3. Having the opportunity to express outrage at a third-party decreased guilt in people threatened through "ingroup immorality." Study participants who read that Americans were the biggest drivers of man-made climate change showed significantly higher guilt scores than those who read the blame-China article when they weren't given an opportunity to express anger at or assign blame to a third-party. However, having this opportunity to rage against hypothetical corporations led respondents who read the blame-America story to express significantly lower levels of guilt than the China group. Respondents who read that Chinese consumers were to blame had similar guilt levels regardless of whether they had the opportunity to express moral outrage.

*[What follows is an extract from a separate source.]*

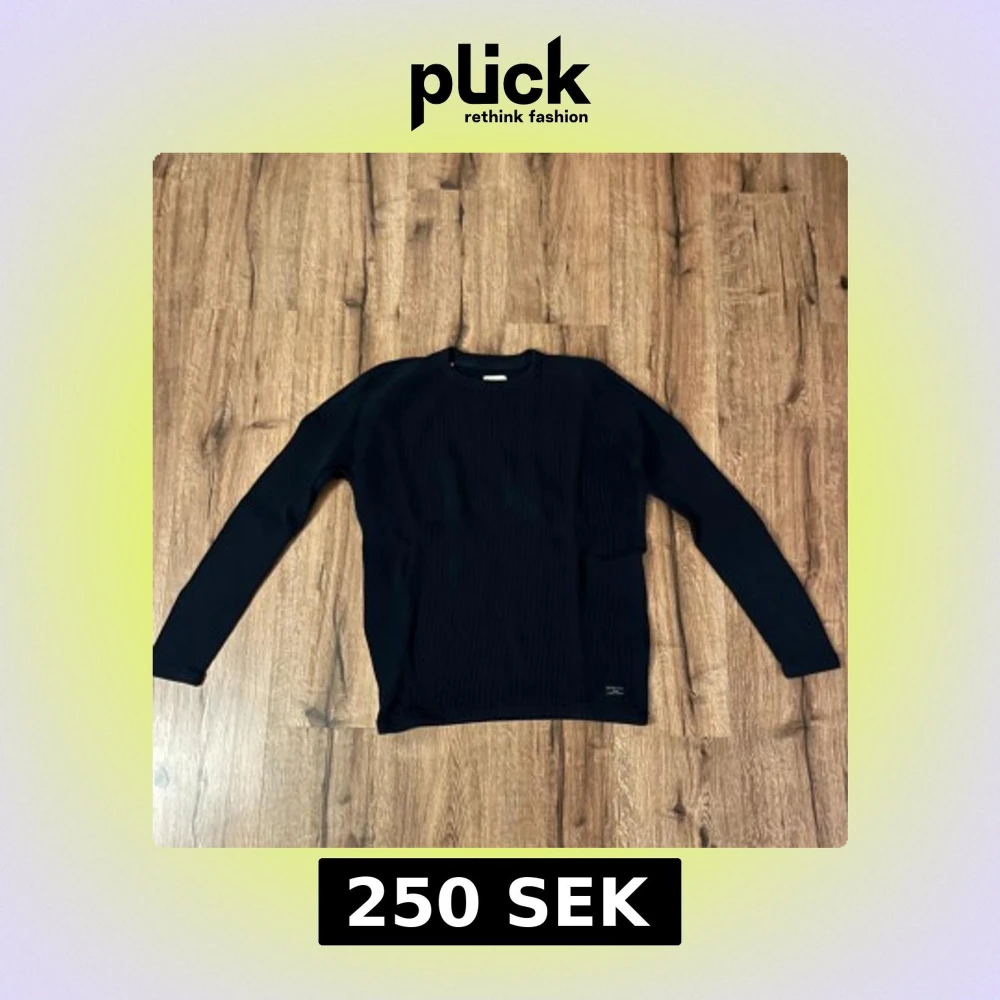 Säljer en stilren mörkblå ribbad tröja från Selected Homme. Tröjan har långa ärmar och en klassisk rund halsringning. Perfekt för en avslappnad men ändå snygg look. Passar bra till både jeans och chinos.

4. "The opportunity to express moral outrage at corporate harm-doers" inflated participants perception of personal morality. Asked to rate their own moral character after reading the article blaming Americans for climate change, respondents saw themselves as having "significantly lower personal moral character" than those who read the blame-China article–that is, when they weren't given an out in the form of third-party blame. Respondents in the America-shaming group wound up with similar levels of moral pride as the China control group when they were first asked to rate the level of blame deserved by various corporate actors and their personal level of anger at these groups. In both this and a similar study using the labor-exploitation article, "the opportunity to express moral outrage at corporate harm-doing (vs. not) led to significantly higher personal moral character ratings," the authors found.
5. Guilt-induced moral outrage was lessened when people could assert their goodness through alternative means, "even in an unrelated context." Study five used the labor exploitation article, asked all participants questions to assess their level of "collective guilt" (i.e., "feelings of guilt for the harm caused by one's own group") about the situation, then gave them an article about horrific conditions at Apple product factories. After that, a control group was given a neutral exercise, while others were asked to briefly describe what made them a good and decent person; both exercises were followed by an assessment of empathy and moral outrage. The researchers found that for those with high collective-guilt levels, having the chance to assert their moral goodness first led to less moral outrage at corporations. But when the high-collective-guilt folks were given the neutral exercise and couldn't assert they were good people, they wound up with more moral outrage at third parties. Meanwhile, for those low in collective guilt, affirming their own moral goodness first led to marginally more moral outrage at corporations.
These findings held true even accounting for things such as respondents political ideology, general affect, and background feelings about the issues.
Ultimately, the results of Rothschild and Keefer's five studies were "consistent with recent research showing that outgroup-directed moral outrage can be elicited in response to perceived threats to the ingroup's moral status," write the authors. The findings also suggest that "outrage driven by moral identity concerns serves to compensate for the threat of personal or collective immorality" and the cognitive dissonance that it might elicit, and expose a "link between guilt and self-serving expressions of outrage that reflect a kind of 'moral hypocrisy,' or at least a non-moral form of anger with a moral facade."